従来型のTVビジネスの限界を感じているメディア企業各社は、ストリーミングサービスへの参加を加速させている。視聴者を獲得しスケールするためには自社アプリでの展開だけでは限界があり、コネクテッドTVプラットフォームとの協力が不可欠だが、広告インベントリー販売などをめぐりってプラットフォームとの対立が生じている。
ワーナーメディア(WarnerMedia)やディズニー(Disney)に続いて、NBCユニバーサル(NBCUniversal:以下、NBCU)も、TVネットワークにとってD2C的なアプローチはそれほど容易ではないと気づきつつある。
NBCUが運営するストリーミングサービス「ピーコック(Peacock)」は、4月に親会社である情報通信大手コムキャスト(Comcast)の顧客に提供されたのに続いて、7月15日から全米展開している。しかし、ストリーミング戦争に参入するピーコックはふたつの有力なコネクテッドTVプラットフォーム、AmazonのFire TVとロク(Roku)でサービスを提供するための配信契約を確保していないと報じられている。NBCUの広報担当者にコメントを求めたが、回答はなかった。

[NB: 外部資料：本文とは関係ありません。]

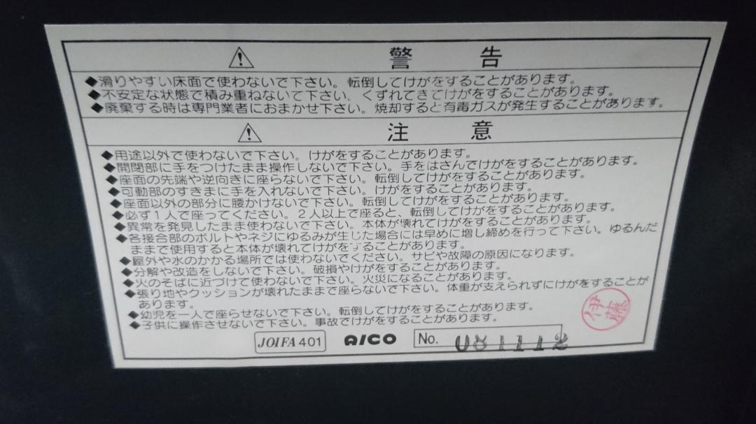 - 一部不具合ありそのチェアの本来の効用を果たすための機能以外の数か所が使用不可の状態にある。(例:背もたれロック不良と奥座調整等の内数カ所)

NBCUとコネクテッドTVプラットフォームとのあいだの溝は、従来型の有料TV局とTVネットワークの配信をめぐる紛争と似ている。ただし、今回の対立に関しては、両者は契約者が支払う料金をめぐってもめているわけではない。両者ともストリーミング配信の仲介者としての位置を占めるべく、TV業界の対立で一般的な「肘鉄をくらわせてでも押しのける」アプローチを利用している。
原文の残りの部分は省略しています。